Segment Start: RECORDED DATA
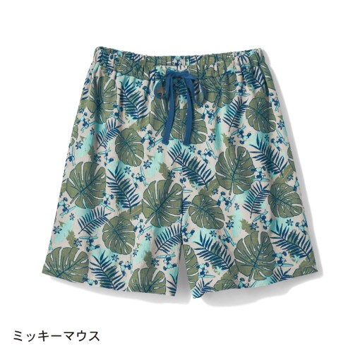南国感漂う「ミッキーマウス」デザインのショートパンツ。
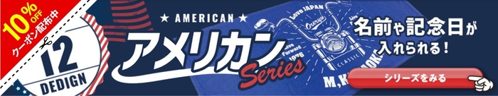 アメリカンシリーズは、カスタマイズ可能なデザインが特徴のラインナップです。デザインは12種類!バイクやエンジン、ピストンなど、アメリカンカルチャーにインスパイアされた力強いモチーフが揃っています。これらのデザインにお名前や日付を入れることができ、オリジナルのTシャツ、パーカー、タオルなどを作成できます。アメリカンスタイルのクールなアイテムで、個性を表現できるだけでなく、特別なギフトとしても喜ばれること間違いなしです。
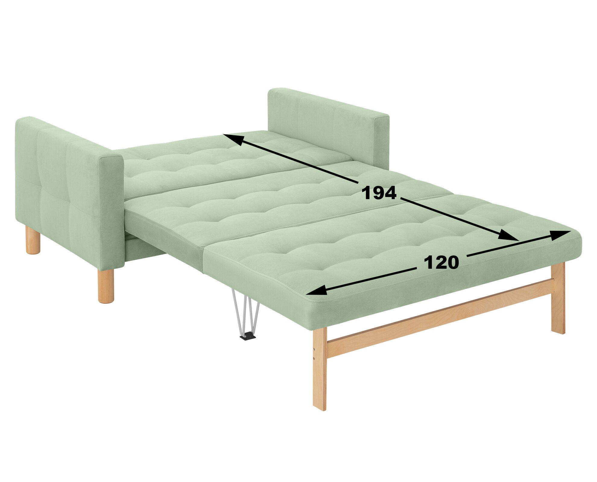 Диван-кровать Остин-макси, прямой, 140х80х81 , спальное 120*194, велюр мятный, Велутто 14
Segment End: RECORDED DATA
§ YOUR INSTRUCTIONS: Only exact repeats of the lines from the one containing "アメリカンシリーズは、カスタ" through the end of the listing above are wanted here; pictures are not.

§ ANSWER:
 アメリカンシリーズは、カスタマイズ可能なデザインが特徴のラインナップです。デザインは12種類!バイクやエンジン、ピストンなど、アメリカンカルチャーにインスパイアされた力強いモチーフが揃っています。これらのデザインにお名前や日付を入れることができ、オリジナルのTシャツ、パーカー、タオルなどを作成できます。アメリカンスタイルのクールなアイテムで、個性を表現できるだけでなく、特別なギフトとしても喜ばれること間違いなしです。
 Диван-кровать Остин-макси, прямой, 140х80х81 , спальное 120*194, велюр мятный, Велутто 14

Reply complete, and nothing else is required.